We find that the gas analyser systems may be removed as some of the first cost savings under price discussions as most gas analysers are provided as a third-party delivery, like those provided by QED. Unfortunately, the technology provider makes less profit on these items and these are seen as an easy gain for price reduction in final negotiations.
As with all equipment installation, fitting it in during construction is better than in retrofit, however, modern systems such as those offered by QED can be easily fitted into existing systems and, with the help of the technology provider, can also be added into the systems IT interface if required.
To get accurate readings, gas analysers must be properly calibrated, and this is where some users fall down or get frustrated with using them. Gas analysers from some providers don’t have regular service agreements in place and will be sent off site or abroad in some cases for a couple of months before they return from calibration. This leaves the plant to function without an analyser and means that plant operators are then less inclined to calibrate their machinery regularly because of this disruption.
Avril explains why she has been using gas analysers for over 25 years. “I have been using QED’s gas analysers from its Geotech product range in my work since 1994 and they are calibrated on a fixed system, using the ISO17025 audited automated calibration rigs”.

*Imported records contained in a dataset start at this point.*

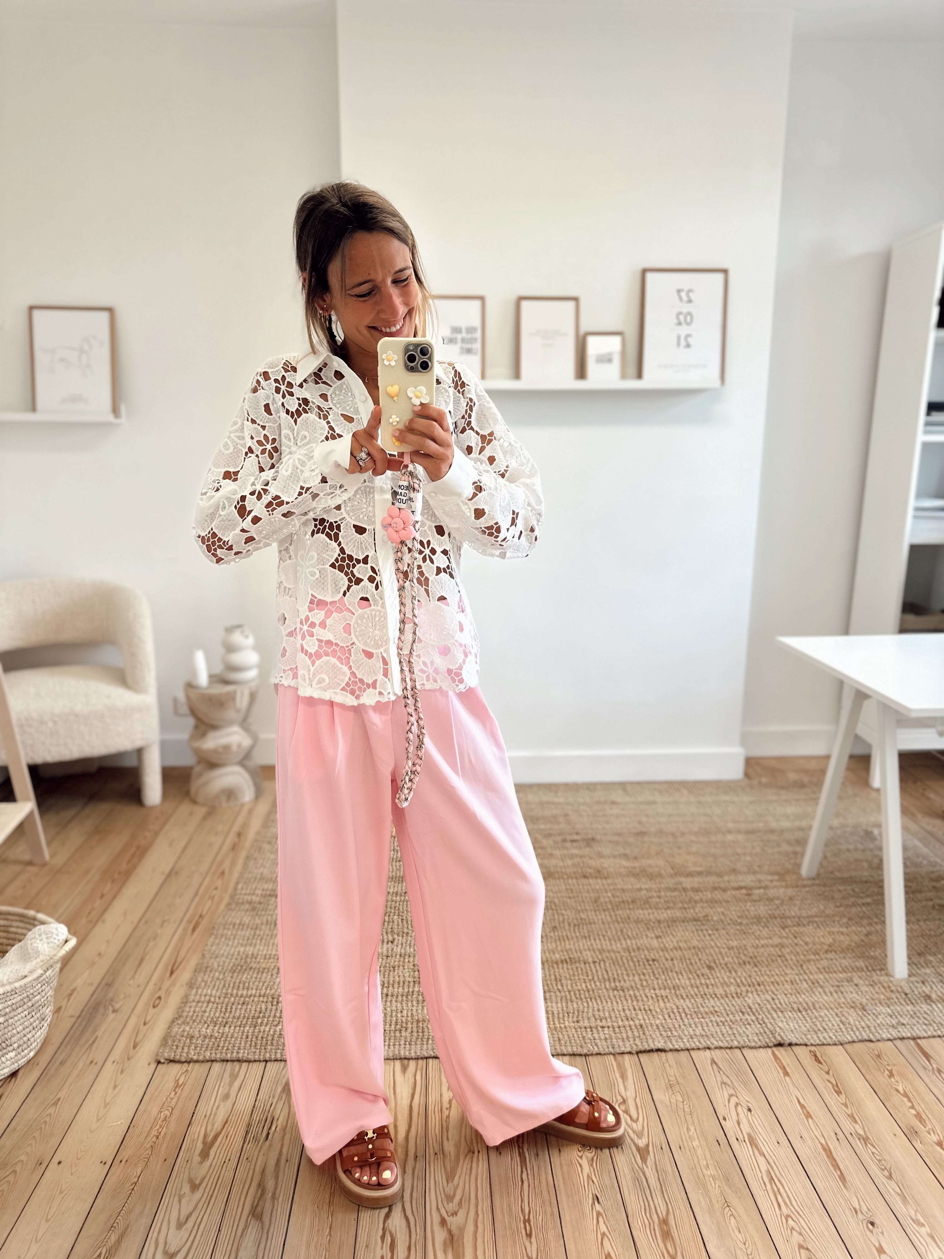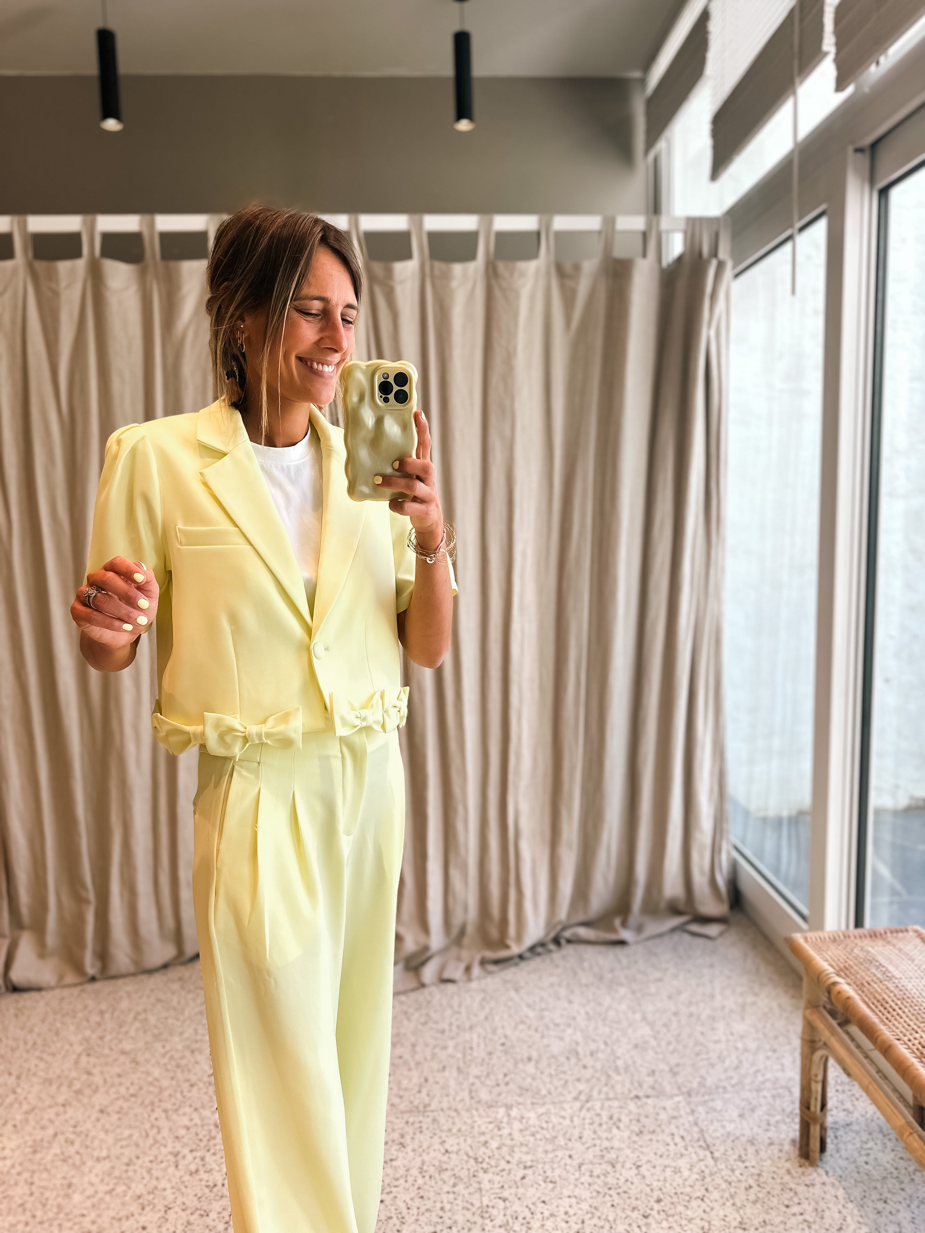 Pantalon à pince droit, avec une fermeture sous forme de tirette et d'un bouton. Il est de couleur jaune pastel et est disponible de la taille XS à L.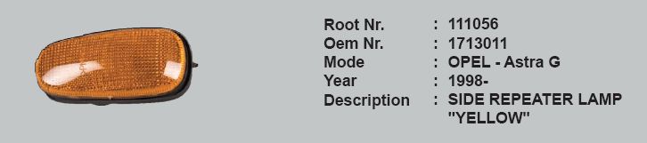 Ürün Adı: ÇAMURLUK SİNYALİ SAĞ SOL 1713011 111056 ASTRA-G (98-) SARI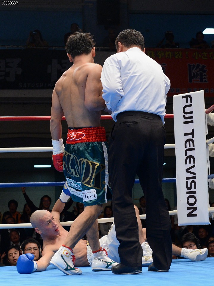 岡田の借りを返すべく、細野は初回からプレスをかけると、松田をコーナーに追い込み右ストレートから左フックを炸裂。これで崩れ落ちた松田に自陣からタオルが投入された。剛打を爆発させた細野が、初回156秒で再起をはたした。
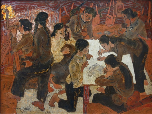 Dân quân gái Ngư Thuỷ ,1974, Sơn mài, Hoàng Trầm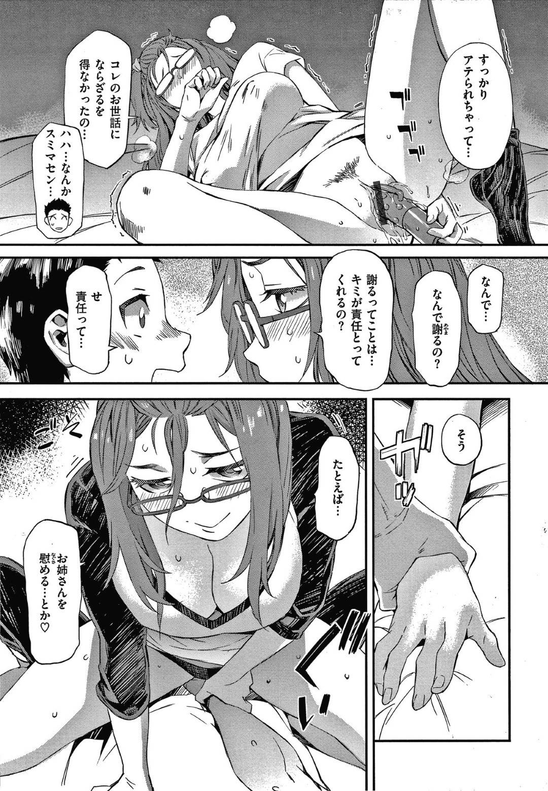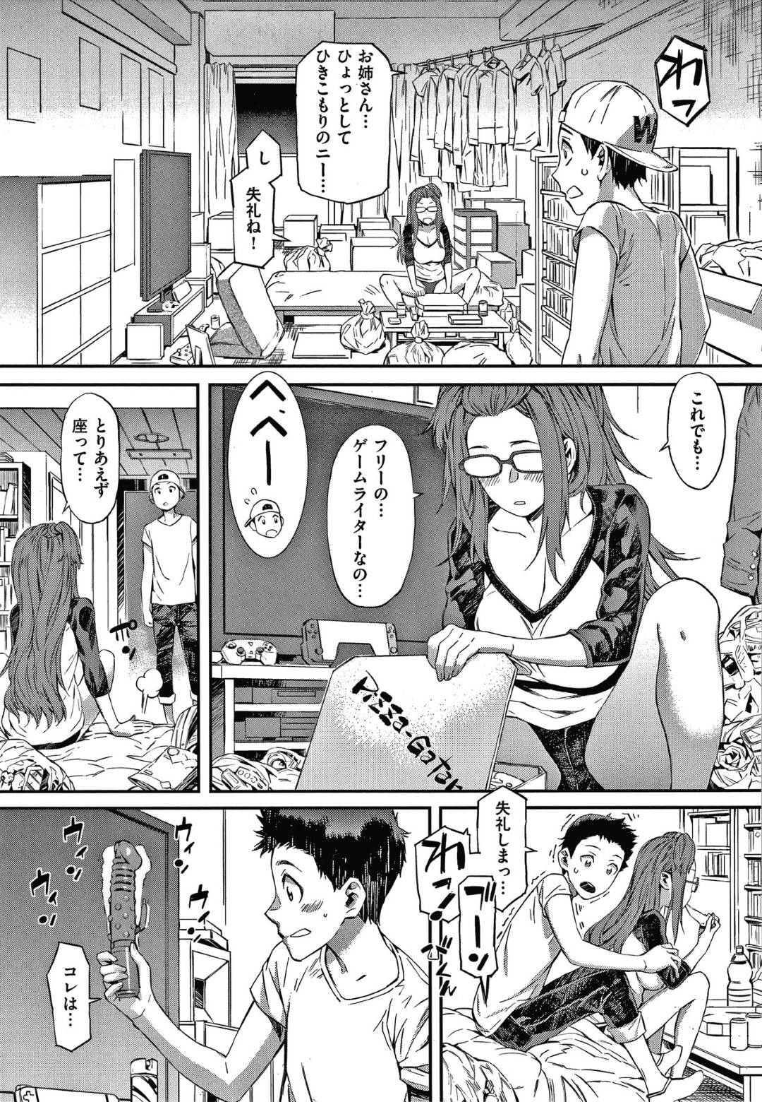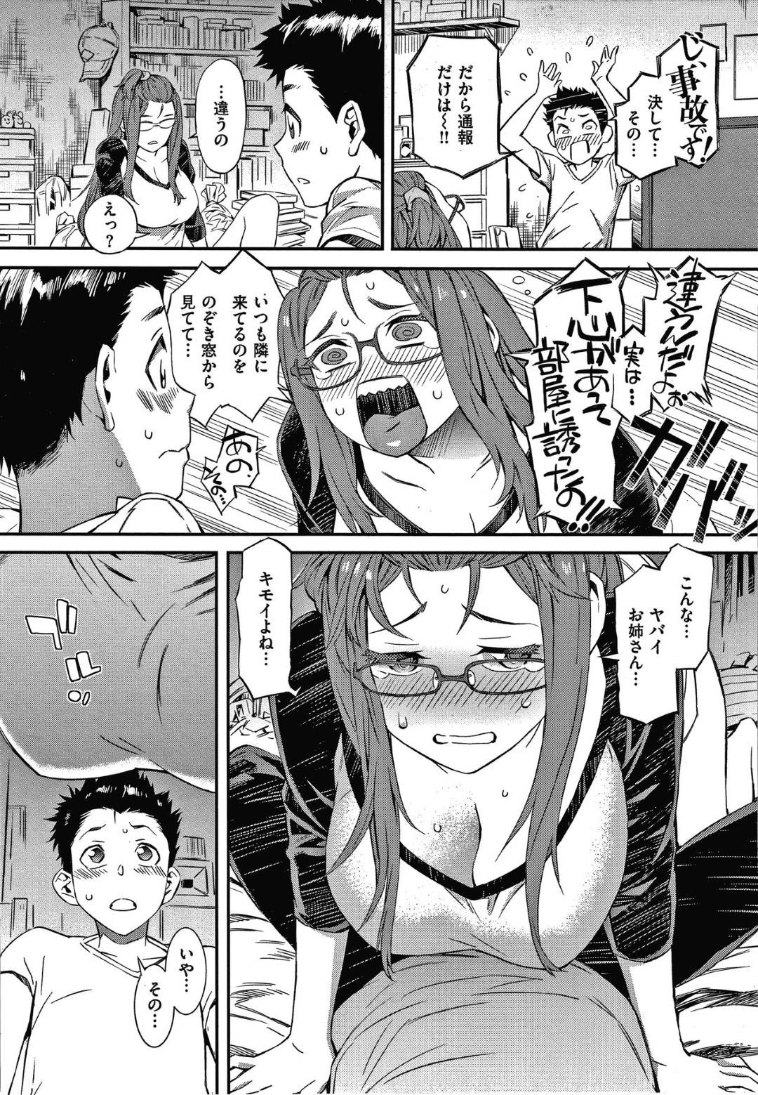 【エロ漫画】壁が薄く毎晩盛るお隣の声を聞いてムラムラが抑え切れなくなるガサツな巨乳メガネ娘。不在なお隣を訪ねてきた男の子を下心全開で部屋に誘い久々のチンコで激しい中出しセックス!
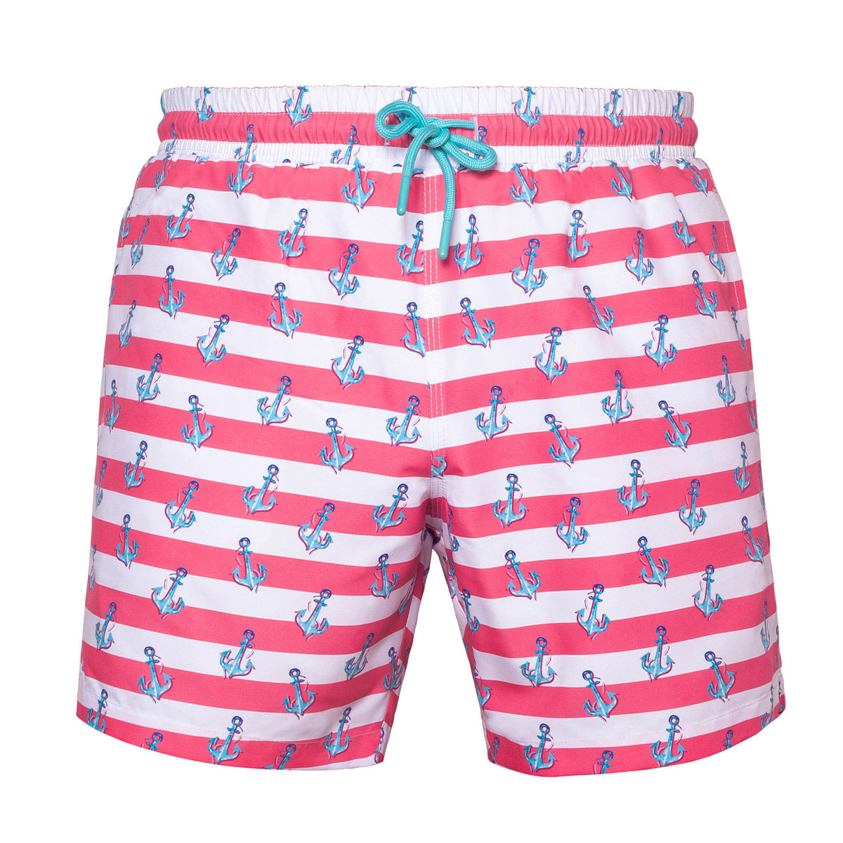 Anemoss’un kırmızı beyaz çizgili zemin üzerine tekrarlayan çapa desenleriyle tasarlanmış bu deniz şortu, denizcilik ruhunu ve yaz enerjisini bir araya getiriyor. Hafif, nefes alabilir ve hızlı kuruyan yapısı sayesinde gün boyu maksimum konfor sunar.

Biogas plants can also sign up to an agreement with QED where on request for service the plant receives a “donor” analyser unit to swap in whilst their own analyser is sent for calibration and results in a downtime of just a few minutes.
The director of AB-EN Environment & Energy continues to explain how essential gas analysers are for plants. “From my own first-hand experience, it is apparent that gas analysers are an essential tool which should be compulsory in every AD plant across the country. With better monitoring in place, we as a sector, can become more efficient, more productive and improve our safety performance with our aim to establish biogas as a reliable and clean alternative to natural gas”.